Usia pasien saat ini 35 tahun yang berarti telah memasuki Advanced
Maternal Age (AMA, usia 35 tahun atau lebih), sehingga kemungkinan tingginya
paritas dan kesuburan pada wanita dengan AMA menjadi salah satu faktor yang
dapat menyebabkan terjadi kehamilan ganda terutama kehamilan dizigot pada
pasien (Mclennan, Gyamfi-bannerman dan Ananth, 2017). Pada AMA terjadi
peningkatan produksi gonadotropin terutama pada usia 35-39 tahun, sehingga
menyebabkan hiperstimulasi ovarium (Santana, Surita dan Cecatti, 2018).
Penelitian menunjukkan, AMA dapat meningkatkan kejadian postpartum
hemorrhage (PPH) pada kehamilan ganda yang disebabkan oleh insersia uteri.

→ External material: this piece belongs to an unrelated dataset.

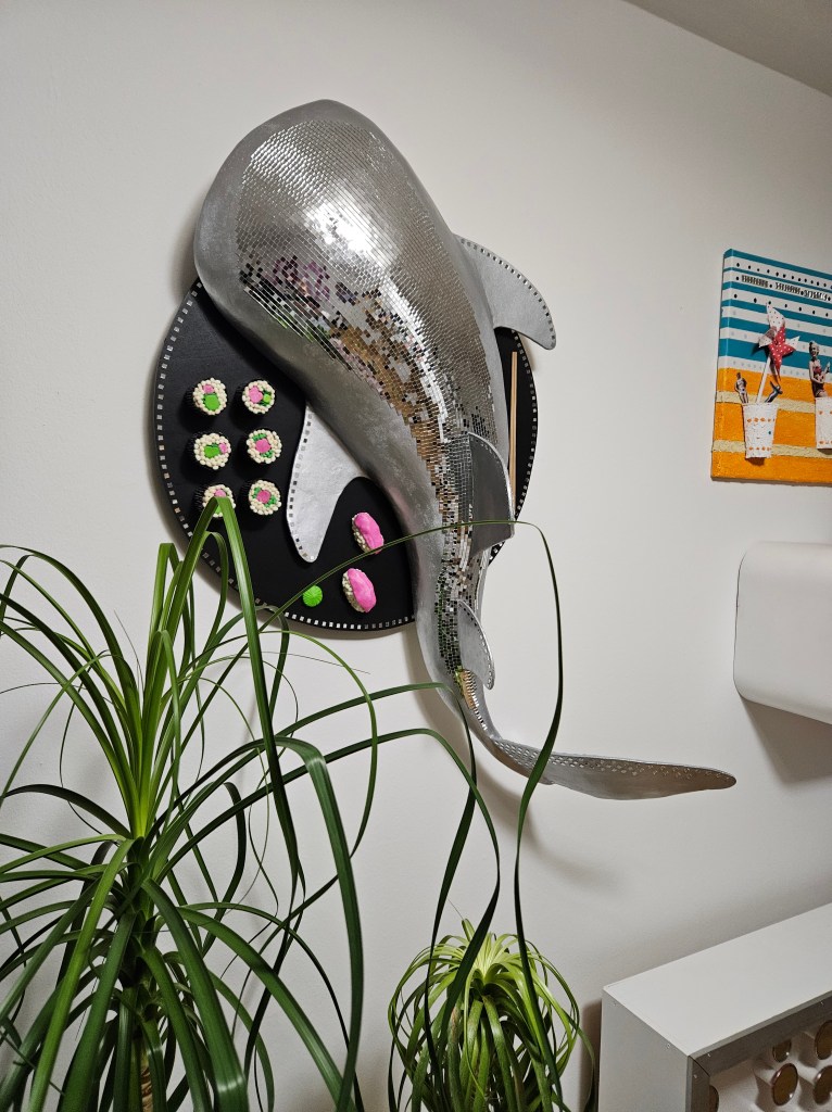 This wall sculpture appears quite stylish, but it has a deeper meaning. I admit that I enjoy eating fish, whether it is healthy or not is a matter of debate. And, of course, the issue of overfishing and illegal fishing resonates with every bite. This work developed quite unexpectedly. The initially harmless whale shark with real glass mirror tiles didn’t tell me enough by itself. So I added a black plate and sushi. A quick research revealed that whale sharks sometimes end up on plates. Can we trust this source? I’m not sure. Nevertheless, this work is a statement.

Akan tetapi, risiko efek pada janin seperti fetal death tidak ditemukan adanya
hubungan dengan AMA pada kehamilan ganda (Zhu et al., 2018; Mclennan,
Gyamfi-bannerman and Ananth, 2017).
Faktor-faktor yang lain yang dapat memengaruhi terjadinya kehamilan
ganda adalah kondisi geografis, multiparitas, etnis, kondisi sosial-ekonomi rendah,
penggunaan kontrasepsi oral, riwayat keluarga (genetik), dan penggunaan assisted
reproductive techniques (Santana, Surita dan Cecatti, 2018). Pasien diketahui sudah
pernah melahirkan sebelumnya dan menggunakan kontrasepsi oral berupa pil
selama 10 tahun, sehingga dapat menjadi faktor yang meningkatkan terjadinya
kehamilan ganda. Kami tidak mengetahui ada tidaknya riwayat keluarga pasien
dengan kehamilan ganda.
Frekuensi BAB pasien adalah 3 hari sekali atau 2 kali dalam satu minggu,
akan tetapi pasien tidak merasakan adanya keluhan saat BAB. Frekuensi BAB ≤2
kali dalam seminggu dan sulit untuk dikeluarkan dapat menandakan terjadinya
konstipasi (Basson, 2019). Konstipasi pada ibu hamil dapat terjadi karena beberapa
hal, yaitu peningkatan absorpsi air dan natrium kolon pada usia kehamilan 12-20
minggu, peningkatan pelepasan progesteron, estrogen, dan relaksin, yang
mengurangi kontraktilitas lambung, esofagus, dan kolon, serta dapat menyebabkan
relaksasi otot polos intestinal. Pasien dapat disarankan mengonsumsi makanan
tinggi serat, perbanyak asupan cairan, olahraga harian, atau konsumsi prebiotik
untuk membantu mengatasi konstipasi (Zahoor et al., 2018).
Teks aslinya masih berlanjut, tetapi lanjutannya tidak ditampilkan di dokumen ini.